Focus: How do I measure doc rot, and how do I make CI catch it before a reader does?

The junior page gave you the intuition: docs drift away from the code, and stale docs are worse than none because they actively mislead. That intuition is correct but unactionable — you can't put "feels stale" on a dashboard or block a pull request on it.

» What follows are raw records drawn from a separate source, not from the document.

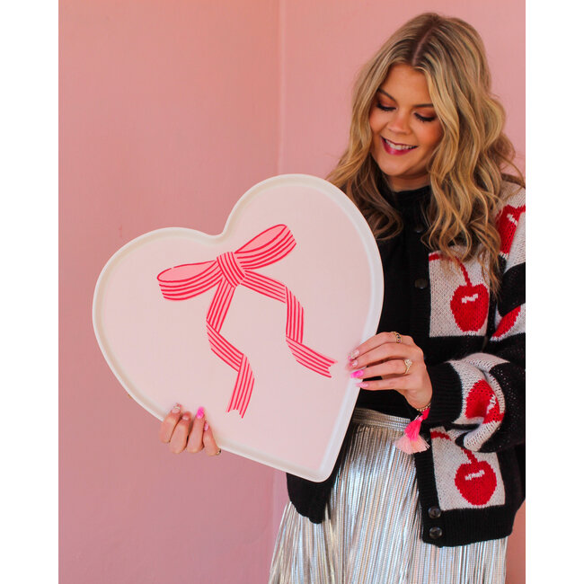 This heart-shaped tray is perfect for your Valentine's Day festivities. Made of bamboo, it features a charming bow design. Serve your loved ones in style with this unique tray that is both functional and adorable.
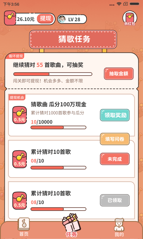 谁是猜歌王,这是一款非常新颖有趣的音乐猜歌类型的小游戏,这款游戏的玩法非常的简单,玩家只需要根据听到的歌曲或者是的节奏来进行猜歌,而且还加入了竞技模式,玩家将会匹配到来自五湖四海的其他玩家进行PK。这款游戏非常的耐玩,有着多种有趣的玩法等你来体验,操作也不是很难。喜欢的玩家就来下载谁是猜歌王试试吧
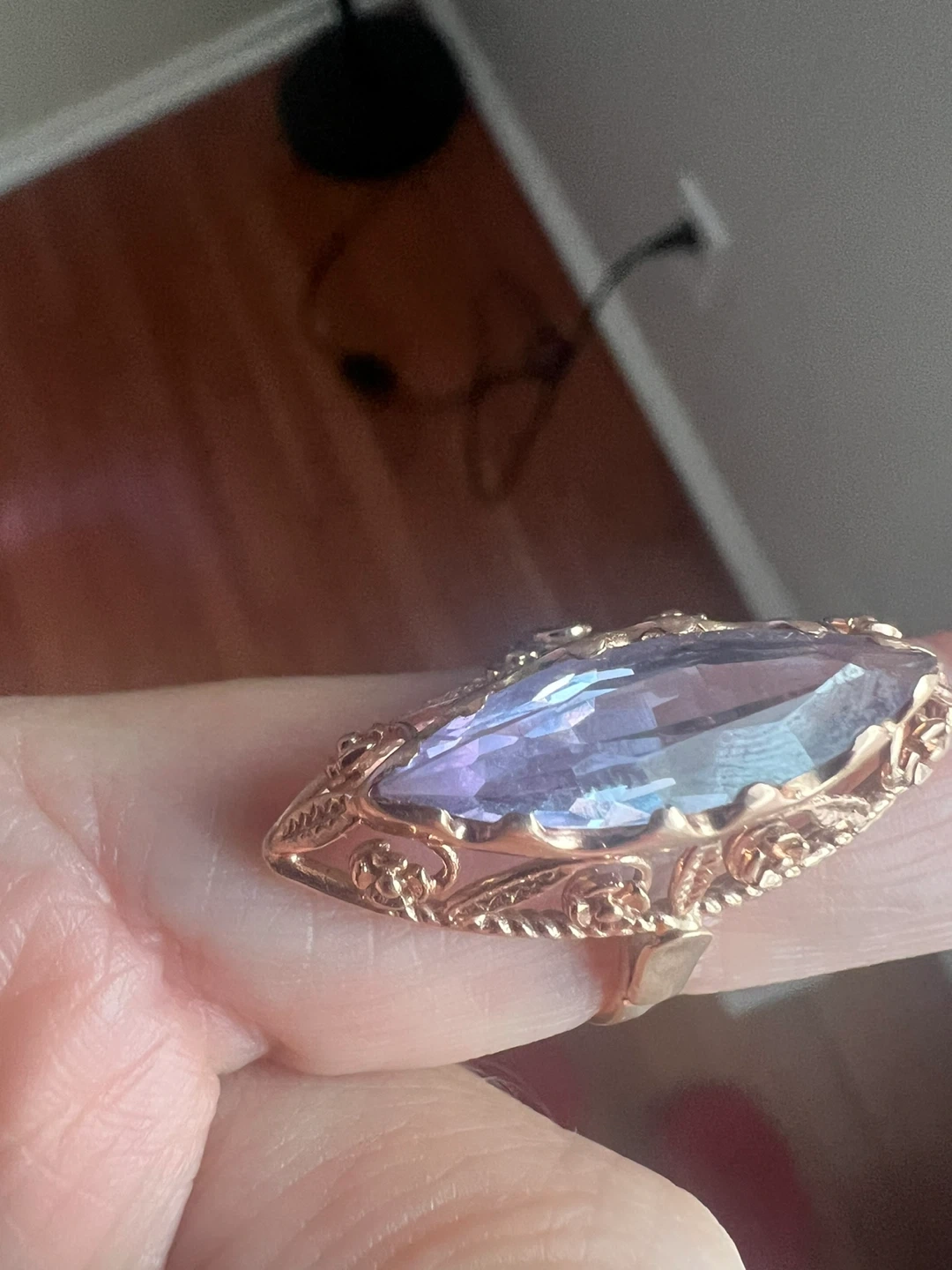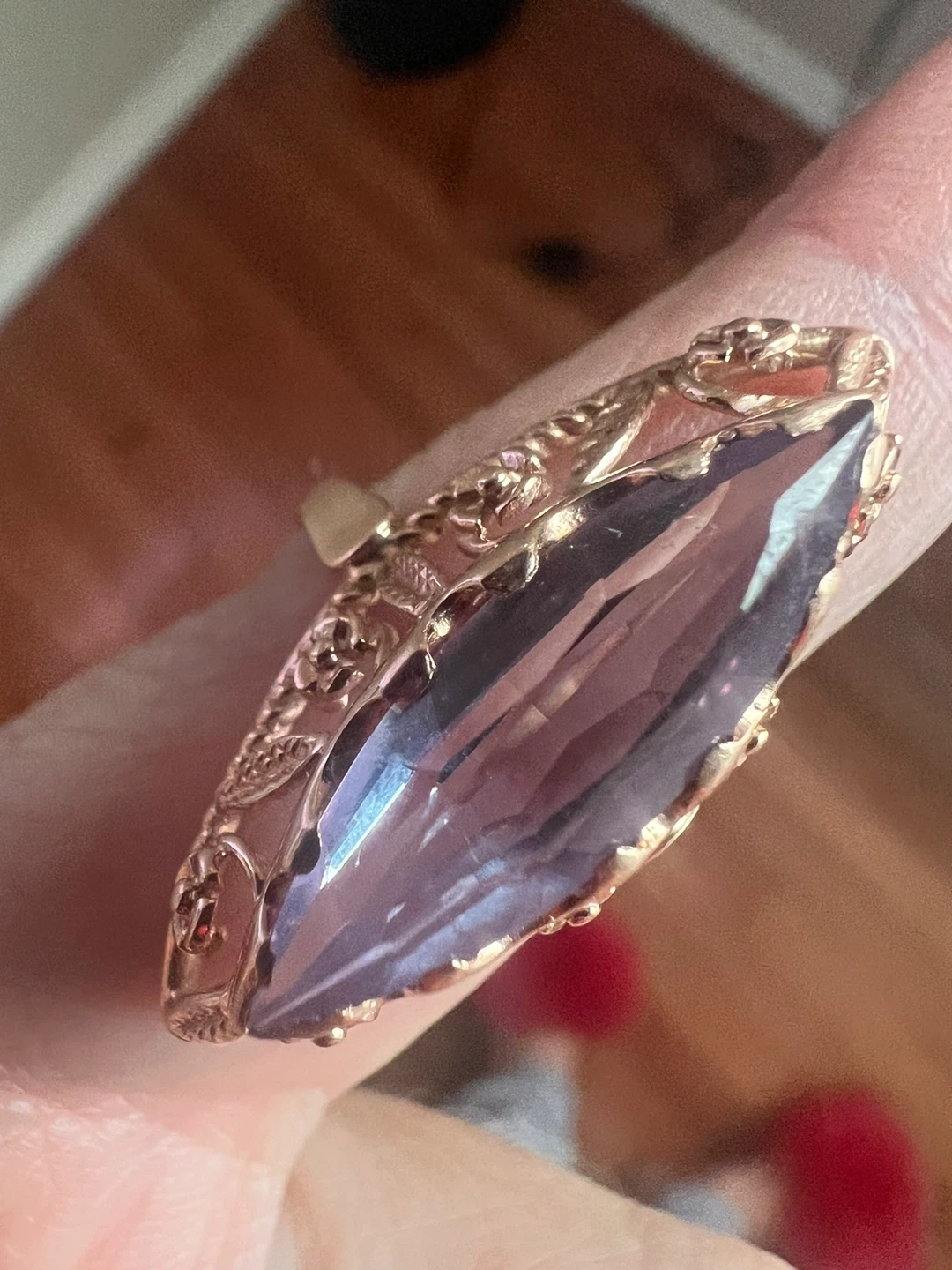 Stunning 14 k vintage ring featuring a large, marquise-cut amethyst. It's set in an intricately detailed rose gold-tone metal. This statement piece would make a lovely addition to any jewellery collection. It's eye-catching and elegant!

This page converts the intuition into machinery. Rot has measurable signals — how long since a doc was meaningfully edited, how its age compares to the code it describes, what fraction of pages are past a review date, how many links are dead, how many snippets no longer compile. Each signal can be computed from git, checked in CI, or enforced by a bot. By the end you'll have three concrete things: a freshness front-matter contract, a link-check job that fails the build, and a git query that ranks your stalest docs. The senior page later turns these into an org-wide rot-budget program; here we build the instruments.

Prerequisites¶

Required: You've read junior.md and can explain why a wrong doc is worse than a missing one.
Required: Comfortable with git log and basic shell pipelines (awk, sort, xargs).
Required: You've configured at least one CI job (GitHub Actions, GitLab CI, or similar).
Helpful: You've seen front-matter (the YAML block at the top of a Markdown file).
Helpful: You've used a link checker or a prose linter once, even casually.

Freshness Metrics You Can Actually Compute¶

"Freshness" is vague until you pin it to a definition with a clock and a data source. Four metrics carry most of the weight, and each is cheap to compute.

1. Staleness age — now − last_meaningful_edit. The single most useful number. The trap is the word meaningful: a bulk reformat, a license-header sweep, or a Prettier run touches every file and resets a naïve "last modified" to today, hiding real rot. You want the last content edit, which means filtering out known-cosmetic commits (more in the git section below).

2. Doc-age-to-code-age ratio — staleness_age(doc) / staleness_age(code_it_documents). Absolute age lies: a stable, finished page on a frozen subsystem can be two years old and perfectly correct. What screams rot is a doc that is old relative to the code it describes. If api-reference.md was last touched 14 months ago but api/handlers.go changed last week, the ratio is large and the doc is suspect. A ratio near 1 means doc and code move together; a ratio ≫ 1 means the doc is lagging.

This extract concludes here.